RECORDS FOR THIS EXERCISE:
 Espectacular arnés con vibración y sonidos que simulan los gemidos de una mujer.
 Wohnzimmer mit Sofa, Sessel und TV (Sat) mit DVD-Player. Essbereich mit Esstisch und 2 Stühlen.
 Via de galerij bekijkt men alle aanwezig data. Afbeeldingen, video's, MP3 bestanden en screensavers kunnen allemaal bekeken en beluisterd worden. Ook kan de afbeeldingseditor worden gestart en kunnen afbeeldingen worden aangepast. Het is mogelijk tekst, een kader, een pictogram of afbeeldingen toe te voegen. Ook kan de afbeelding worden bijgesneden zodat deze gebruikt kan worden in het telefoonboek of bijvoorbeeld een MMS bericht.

--

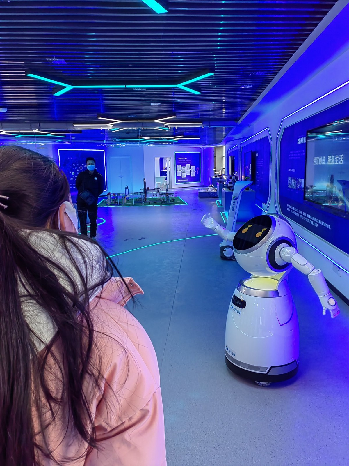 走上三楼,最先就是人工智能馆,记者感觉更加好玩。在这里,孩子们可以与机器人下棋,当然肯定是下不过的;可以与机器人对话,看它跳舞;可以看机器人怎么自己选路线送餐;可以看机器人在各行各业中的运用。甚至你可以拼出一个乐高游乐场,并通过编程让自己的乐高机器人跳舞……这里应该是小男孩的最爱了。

WHAT YOU WILL DO: Nothing should appear in the answer except the lines above from the line with "Espectacular arnés con" through the line with "Wohnzimmer mit Sofa, Sessel", both included, written out exactly.

TASK SOLUTION:
 Espectacular arnés con vibración y sonidos que simulan los gemidos de una mujer.
 Wohnzimmer mit Sofa, Sessel und TV (Sat) mit DVD-Player. Essbereich mit Esstisch und 2 Stühlen.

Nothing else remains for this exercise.